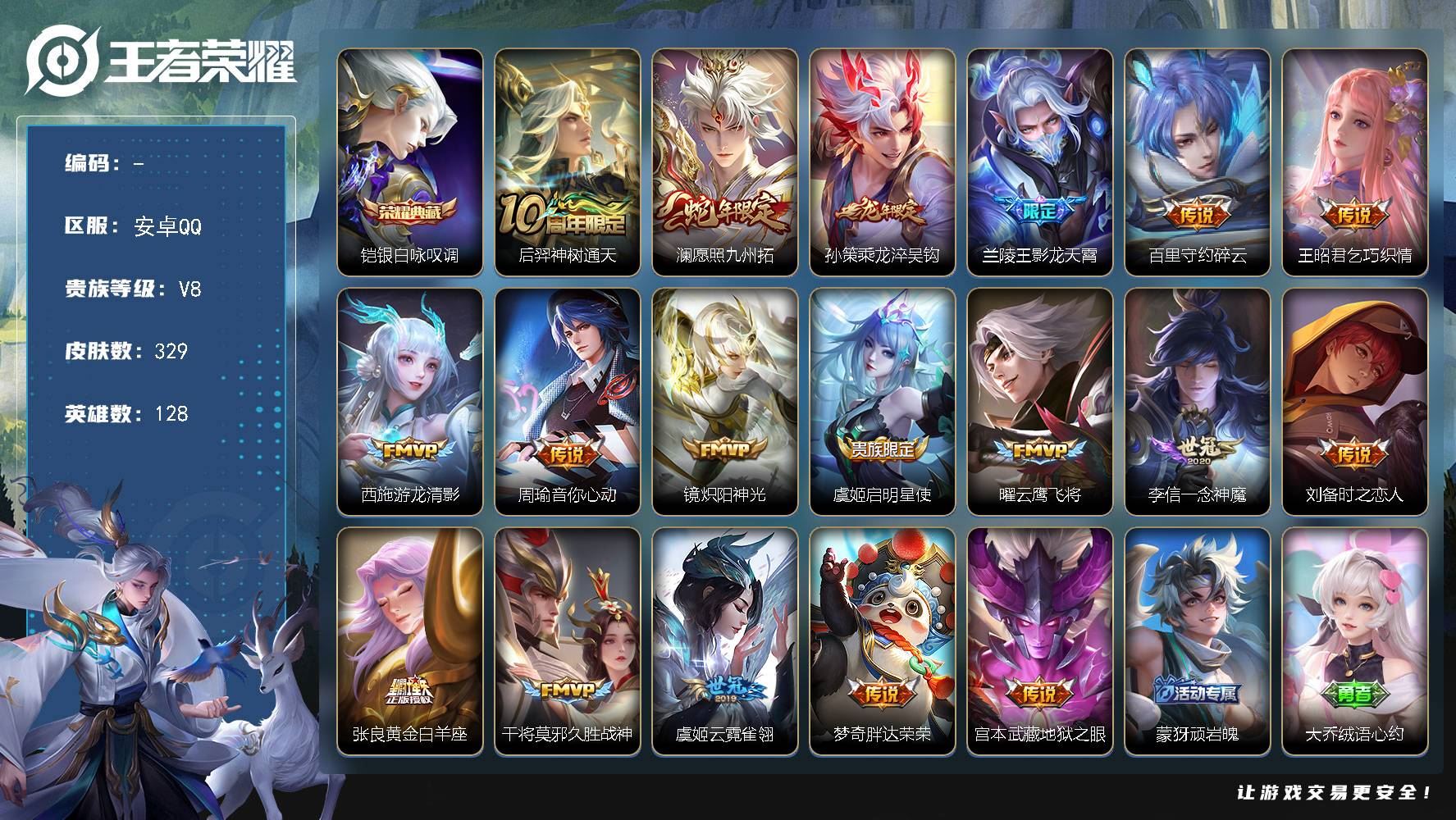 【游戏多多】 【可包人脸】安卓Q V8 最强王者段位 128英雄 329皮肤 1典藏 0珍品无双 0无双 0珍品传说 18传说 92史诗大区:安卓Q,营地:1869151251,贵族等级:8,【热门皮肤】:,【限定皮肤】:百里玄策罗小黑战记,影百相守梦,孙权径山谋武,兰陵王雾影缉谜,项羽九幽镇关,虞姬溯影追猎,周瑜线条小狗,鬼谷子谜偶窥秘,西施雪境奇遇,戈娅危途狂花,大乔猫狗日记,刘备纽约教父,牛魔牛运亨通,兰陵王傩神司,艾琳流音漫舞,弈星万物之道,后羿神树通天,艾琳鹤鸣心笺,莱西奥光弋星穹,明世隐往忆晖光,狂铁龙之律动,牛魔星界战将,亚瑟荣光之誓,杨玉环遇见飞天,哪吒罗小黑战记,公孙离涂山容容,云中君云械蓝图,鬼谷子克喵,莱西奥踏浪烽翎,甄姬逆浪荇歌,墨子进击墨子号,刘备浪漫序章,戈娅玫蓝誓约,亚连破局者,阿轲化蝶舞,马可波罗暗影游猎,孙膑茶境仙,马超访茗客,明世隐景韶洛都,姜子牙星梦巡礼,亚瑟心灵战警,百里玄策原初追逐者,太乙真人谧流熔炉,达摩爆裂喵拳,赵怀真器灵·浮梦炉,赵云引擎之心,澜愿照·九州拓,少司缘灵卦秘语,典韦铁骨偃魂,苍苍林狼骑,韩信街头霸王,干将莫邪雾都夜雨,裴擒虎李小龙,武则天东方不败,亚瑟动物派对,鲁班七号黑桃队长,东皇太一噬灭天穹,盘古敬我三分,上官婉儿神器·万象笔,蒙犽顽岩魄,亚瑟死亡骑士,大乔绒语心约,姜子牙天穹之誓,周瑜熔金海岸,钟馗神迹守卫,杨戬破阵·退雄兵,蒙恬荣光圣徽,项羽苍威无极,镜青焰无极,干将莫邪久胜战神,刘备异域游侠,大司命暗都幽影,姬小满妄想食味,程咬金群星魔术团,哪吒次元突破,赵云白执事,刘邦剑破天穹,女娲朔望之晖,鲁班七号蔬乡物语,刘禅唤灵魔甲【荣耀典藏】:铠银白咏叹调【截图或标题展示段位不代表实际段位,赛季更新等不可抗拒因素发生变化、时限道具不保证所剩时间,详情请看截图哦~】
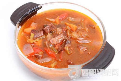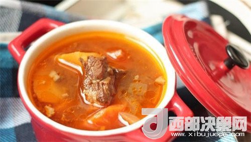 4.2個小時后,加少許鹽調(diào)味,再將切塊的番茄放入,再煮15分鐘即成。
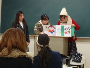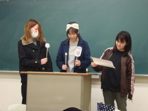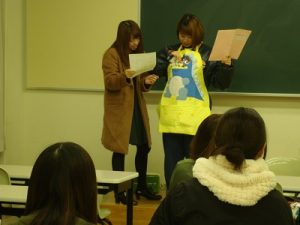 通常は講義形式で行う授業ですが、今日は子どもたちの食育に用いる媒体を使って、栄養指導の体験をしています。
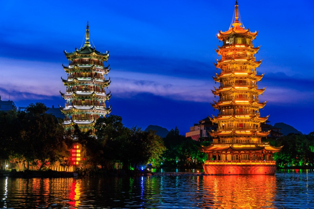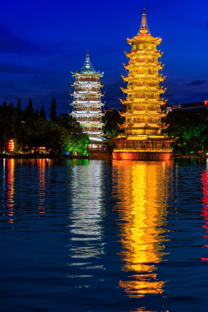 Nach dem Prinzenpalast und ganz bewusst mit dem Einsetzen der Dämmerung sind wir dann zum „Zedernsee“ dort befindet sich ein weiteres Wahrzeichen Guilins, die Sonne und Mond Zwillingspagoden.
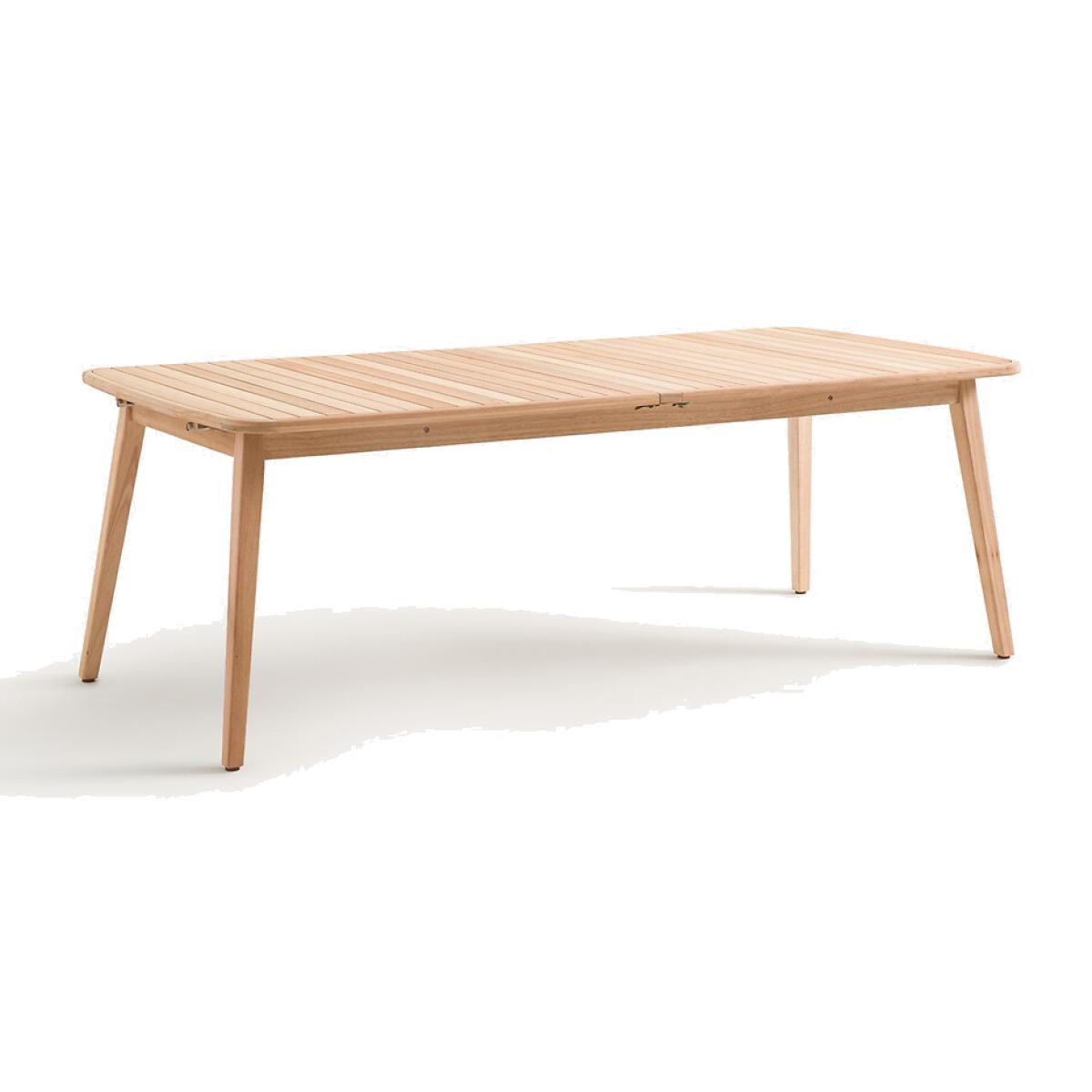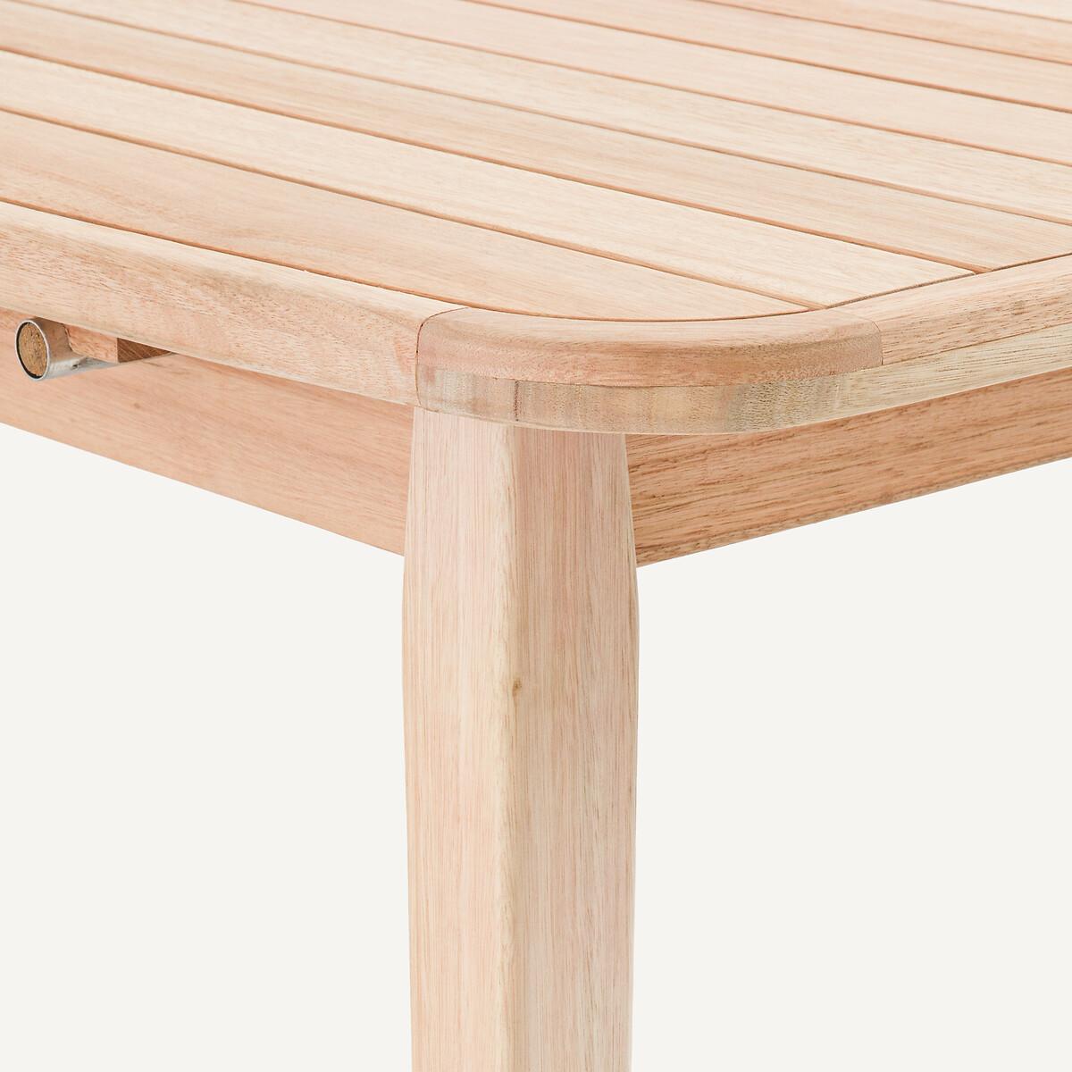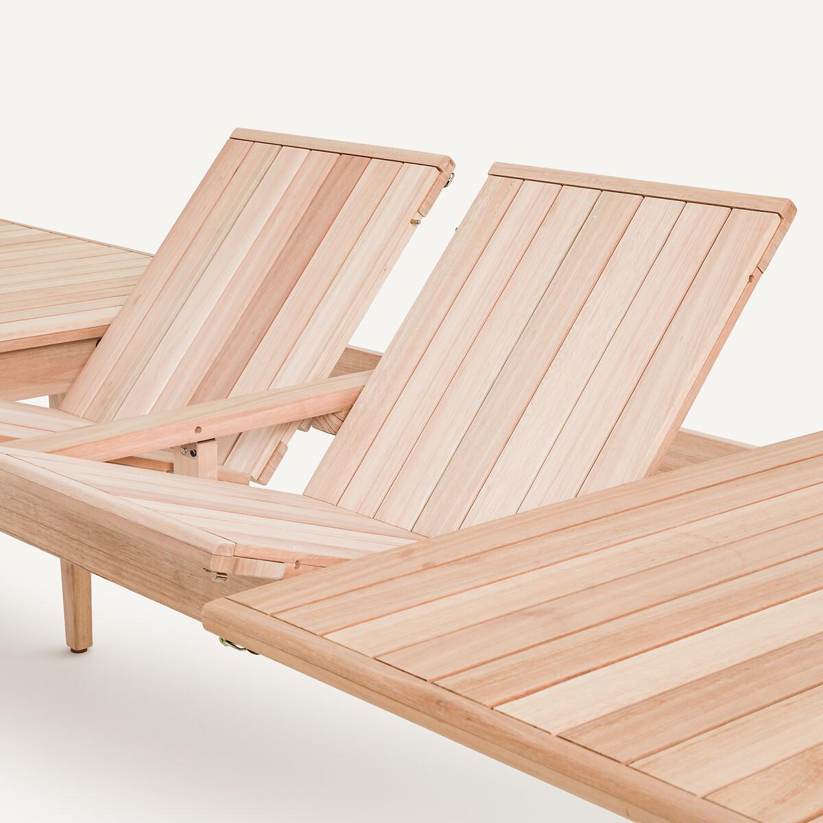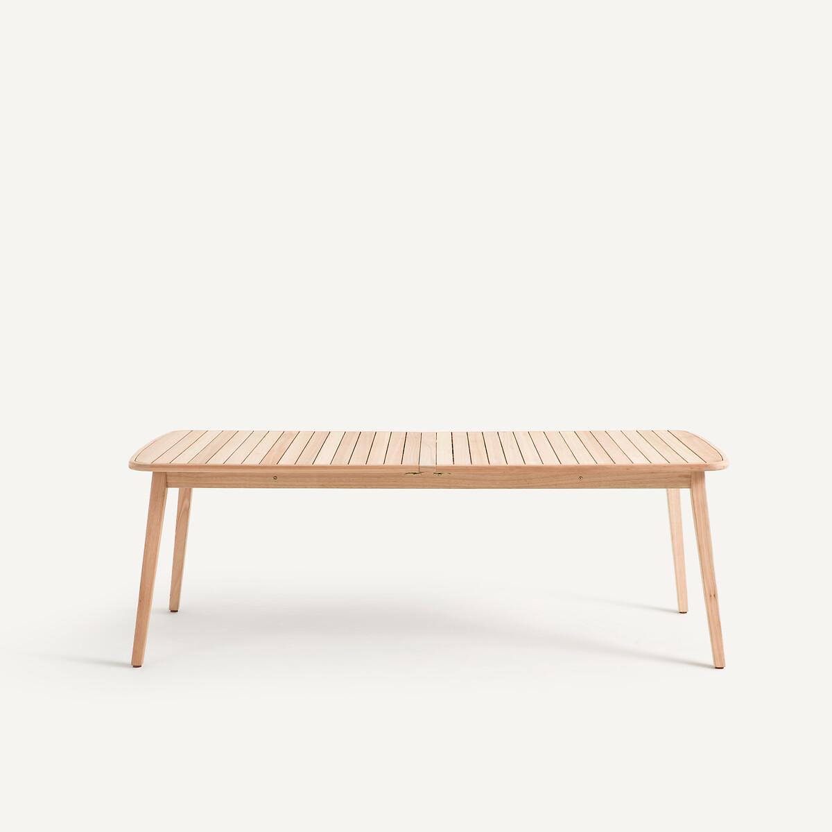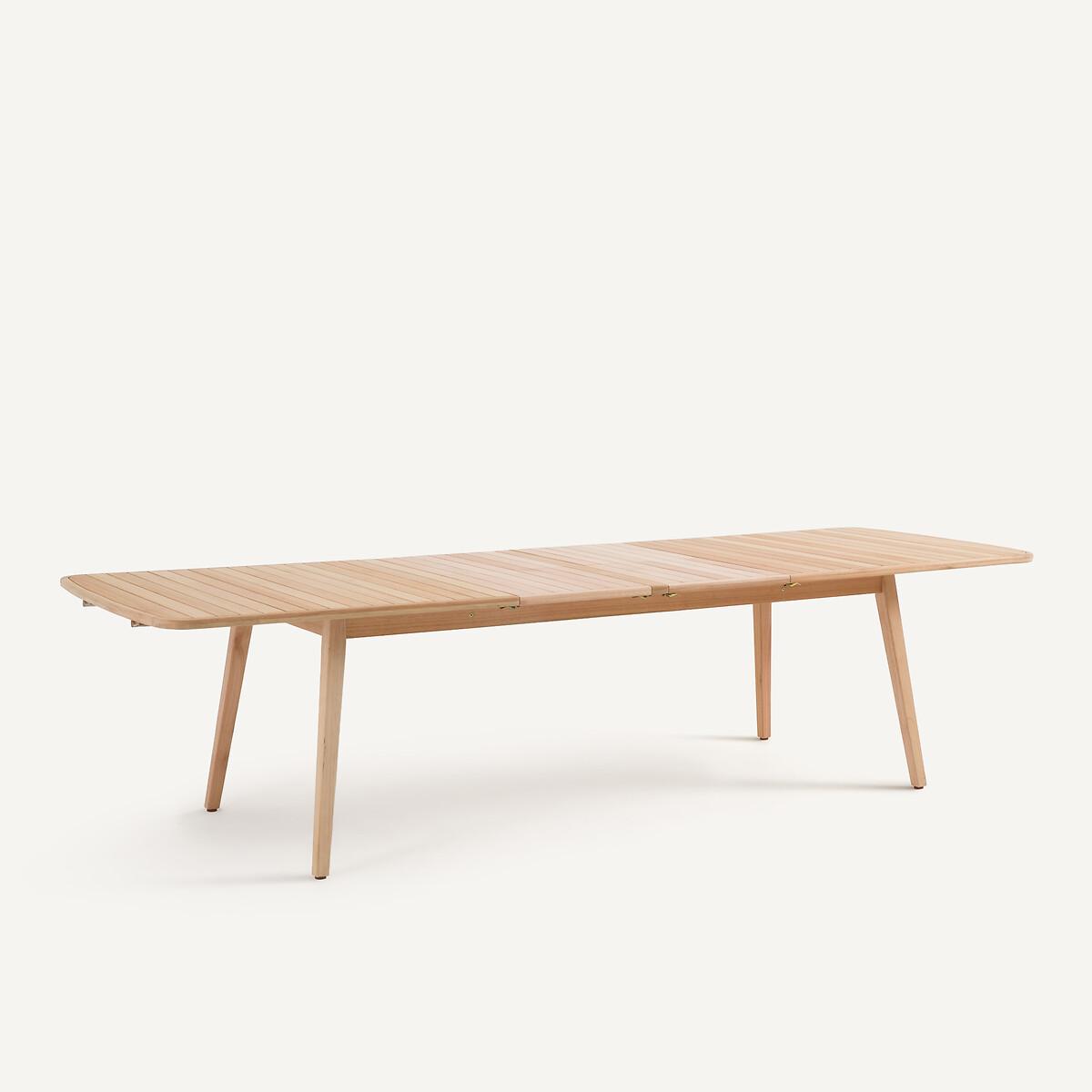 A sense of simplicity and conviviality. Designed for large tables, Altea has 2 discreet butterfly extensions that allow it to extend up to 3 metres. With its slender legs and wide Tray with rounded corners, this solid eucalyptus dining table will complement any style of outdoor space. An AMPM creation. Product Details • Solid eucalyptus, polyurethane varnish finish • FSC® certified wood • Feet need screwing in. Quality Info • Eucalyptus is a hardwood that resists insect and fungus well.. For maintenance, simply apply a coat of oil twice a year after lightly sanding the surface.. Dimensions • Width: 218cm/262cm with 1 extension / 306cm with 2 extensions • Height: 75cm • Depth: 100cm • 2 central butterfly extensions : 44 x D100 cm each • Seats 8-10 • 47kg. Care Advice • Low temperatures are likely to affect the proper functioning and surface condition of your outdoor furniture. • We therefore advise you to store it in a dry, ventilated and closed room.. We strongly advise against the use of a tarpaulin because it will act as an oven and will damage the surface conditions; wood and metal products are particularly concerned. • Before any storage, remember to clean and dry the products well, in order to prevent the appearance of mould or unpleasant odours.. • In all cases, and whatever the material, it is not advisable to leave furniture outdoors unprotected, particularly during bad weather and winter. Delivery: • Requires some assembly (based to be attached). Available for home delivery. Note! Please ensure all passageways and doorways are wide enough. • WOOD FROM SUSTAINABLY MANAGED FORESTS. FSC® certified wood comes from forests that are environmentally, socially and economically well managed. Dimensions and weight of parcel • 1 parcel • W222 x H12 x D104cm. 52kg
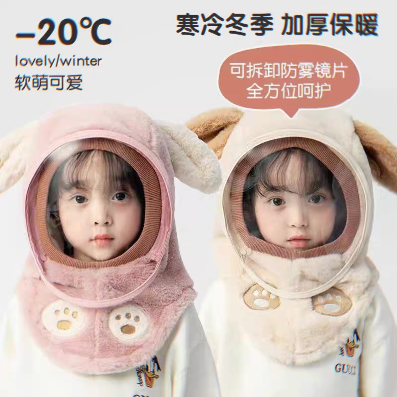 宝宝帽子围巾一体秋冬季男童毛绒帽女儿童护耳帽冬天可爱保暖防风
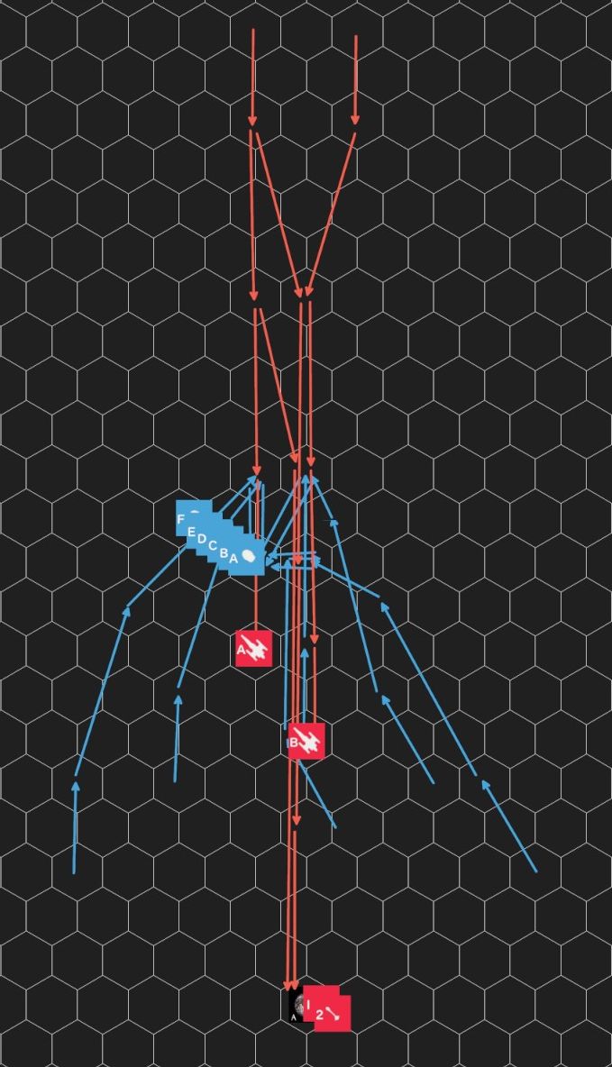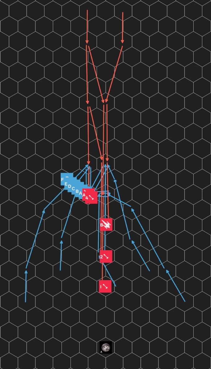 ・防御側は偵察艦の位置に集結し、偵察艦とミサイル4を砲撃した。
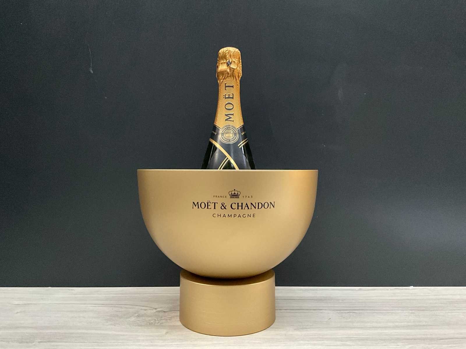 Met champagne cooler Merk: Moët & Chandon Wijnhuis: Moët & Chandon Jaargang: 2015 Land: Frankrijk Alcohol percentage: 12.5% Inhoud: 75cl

----

• TASK REQUIREMENTS
The line containing "Nach dem Prinzenpalast" marks the end: retype every line from the first one in the listing up to and including it, without pictures.

• RESULT
 【游戏多多】 【可包人脸】安卓Q V8 最强王者段位 128英雄 329皮肤 1典藏 0珍品无双 0无双 0珍品传说 18传说 92史诗大区:安卓Q,营地:1869151251,贵族等级:8,【热门皮肤】:,【限定皮肤】:百里玄策罗小黑战记,影百相守梦,孙权径山谋武,兰陵王雾影缉谜,项羽九幽镇关,虞姬溯影追猎,周瑜线条小狗,鬼谷子谜偶窥秘,西施雪境奇遇,戈娅危途狂花,大乔猫狗日记,刘备纽约教父,牛魔牛运亨通,兰陵王傩神司,艾琳流音漫舞,弈星万物之道,后羿神树通天,艾琳鹤鸣心笺,莱西奥光弋星穹,明世隐往忆晖光,狂铁龙之律动,牛魔星界战将,亚瑟荣光之誓,杨玉环遇见飞天,哪吒罗小黑战记,公孙离涂山容容,云中君云械蓝图,鬼谷子克喵,莱西奥踏浪烽翎,甄姬逆浪荇歌,墨子进击墨子号,刘备浪漫序章,戈娅玫蓝誓约,亚连破局者,阿轲化蝶舞,马可波罗暗影游猎,孙膑茶境仙,马超访茗客,明世隐景韶洛都,姜子牙星梦巡礼,亚瑟心灵战警,百里玄策原初追逐者,太乙真人谧流熔炉,达摩爆裂喵拳,赵怀真器灵·浮梦炉,赵云引擎之心,澜愿照·九州拓,少司缘灵卦秘语,典韦铁骨偃魂,苍苍林狼骑,韩信街头霸王,干将莫邪雾都夜雨,裴擒虎李小龙,武则天东方不败,亚瑟动物派对,鲁班七号黑桃队长,东皇太一噬灭天穹,盘古敬我三分,上官婉儿神器·万象笔,蒙犽顽岩魄,亚瑟死亡骑士,大乔绒语心约,姜子牙天穹之誓,周瑜熔金海岸,钟馗神迹守卫,杨戬破阵·退雄兵,蒙恬荣光圣徽,项羽苍威无极,镜青焰无极,干将莫邪久胜战神,刘备异域游侠,大司命暗都幽影,姬小满妄想食味,程咬金群星魔术团,哪吒次元突破,赵云白执事,刘邦剑破天穹,女娲朔望之晖,鲁班七号蔬乡物语,刘禅唤灵魔甲【荣耀典藏】:铠银白咏叹调【截图或标题展示段位不代表实际段位,赛季更新等不可抗拒因素发生变化、时限道具不保证所剩时间,详情请看截图哦~】
 4.2個小時后,加少許鹽調(diào)味,再將切塊的番茄放入,再煮15分鐘即成。
 通常は講義形式で行う授業ですが、今日は子どもたちの食育に用いる媒体を使って、栄養指導の体験をしています。
 Nach dem Prinzenpalast und ganz bewusst mit dem Einsetzen der Dämmerung sind wir dann zum „Zedernsee“ dort befindet sich ein weiteres Wahrzeichen Guilins, die Sonne und Mond Zwillingspagoden.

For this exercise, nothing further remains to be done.